Потому что не стихи нас учили писать, а находить в стихотворческом исступлении истиное Слово, запоминать его и никогда не применять.
Каково было мне, синдику Цеха поэтов, осознавать, что мое умение и знание стиха — сродни папуасскому понятию об устройстве аэроплана!
Единственное, что меня примиряло с реальностью — так это то, что и Ося, и Есенин, и покойный Блок, не говоря уже об Аннушке, чувствовали бы себя здесь столь же неуверенно и неуютно. Аннушке трудностей добавило бы еще и то, что одевались мы в холстину, спали на циновках и ходили босиком, как абиссинские ашкеры. Но вовсе не от бедности — по уставу.

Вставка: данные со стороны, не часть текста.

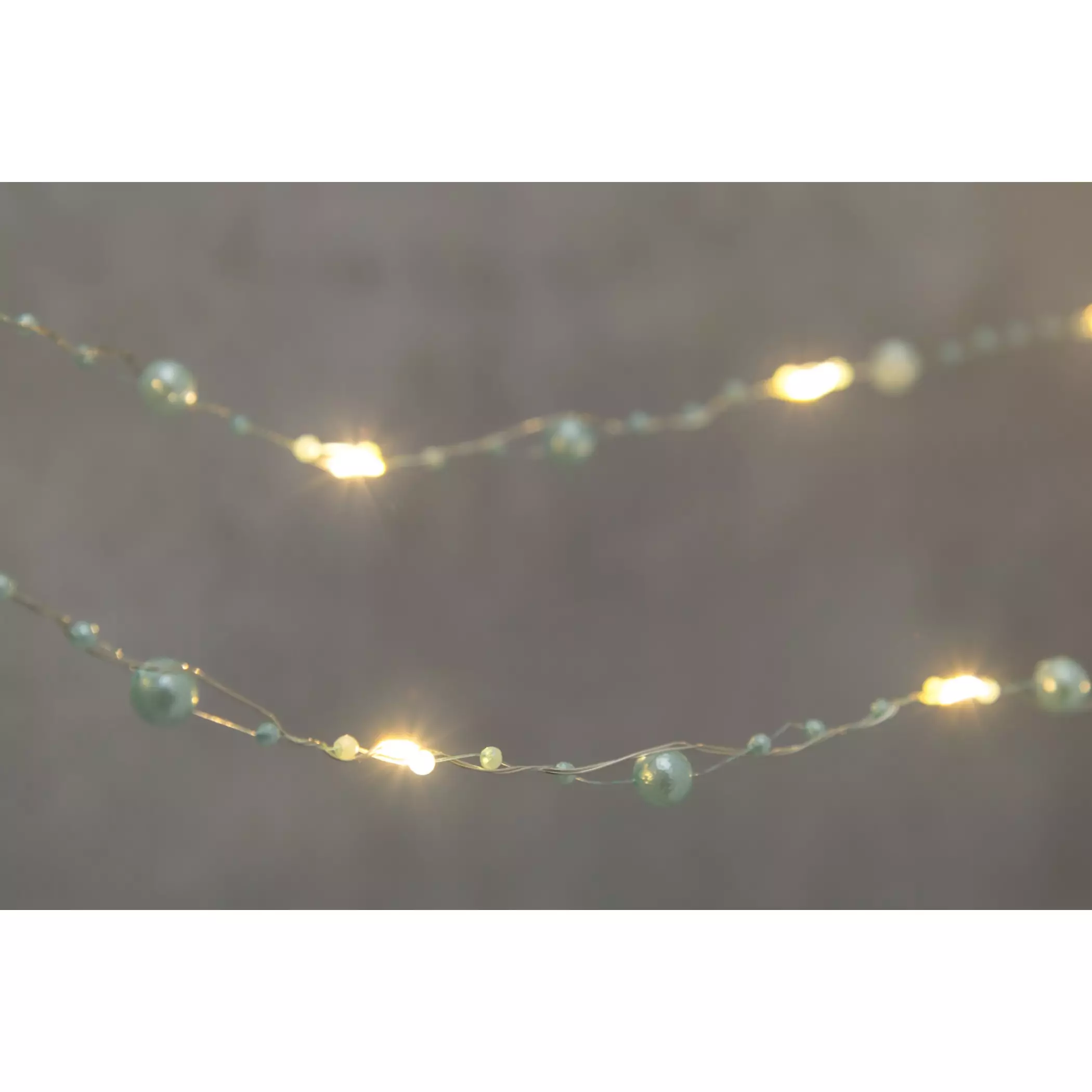 Ljusblå LED-ljuskedja med pärlor, längd 2 m. Varmvita LED-lampor. Endast för inomhusbruk.

Никогда я не писал так много и так странно. Что-то выходило из меня, отливаясь в строки. Но что — не знаю, не помню, а восстановить не получается. Помню только, что писать нам дозволялось лишь в огромных черных книгах, похожих на амбарные, причем на каждой странице изображены были запирающие знаки.
Специальный служитель выдавал нам эти книги и забирал в конце дня.
Землетрясения на Мадагаскаре случались удивительно часто: Помню, как в шестнадцатом году в госпитале встретил я родственную бродяжью душу — ротмистра Юру Радишевского. Вот закончим войну, мечтали мы, спасем цивилизацию от тевтона, проедем на белых конях по Берлину, залезем, в посрамление всем, на купол германского Рейхстага, водрузим там российский флаг — а потом, всюду чтимые победители, закатимся как раз сюда, на Мадагаскар, обойдем его весь года за два, станем вождями племен или великими географами…
В тот день я ушел от всех в горы. Тонкий ручей звенел в зарослях, изредка являя солнцу сверкающую спину. Острые камешки уже не могли повредить моим ступням. Высокие цветущие кусты обрамляли тропу. Две бабочки, огромные и розовые, как ладони воина, покачивались на ветке. Птичий гомон то нарастал, то почему-то прекращался. Слева проступали в густой синеве вершины далеких вулканов, прямо — угадывался океан. Ленивец, висевший на лиане подобно перезревшему плоду, при виде человека не только не убрался с дороги, а еще и, распушив хвост, мазнул меня по лицу. Он чувствовал себя здесь в своем праве — реликт пропавшей Лемурии. На пузе у него сидела беспечная бабочка.
Маленькое стадо коз перебежало, смеясь, тропу. Это могли быть и дикие козы, и домашние. Мальгаши сами не всегда различают их.
В конце подъема (сердце у меня не билось и я не хватал ртом воздух, как делал бы еще год назад) я увидел огромный панданус, дерево-рощу, непонятно как возросший здесь, на голых камнях. Его воздушные корни, подобно когтистым лапам, вцеплялись в глыбы старой лавы, протискивались в узкие трещины и щели, распластывались по-осьминожьи по камню, силясь захватить все пространство. Птицы неистовствовали. Весенний месяц октябрь: как странно.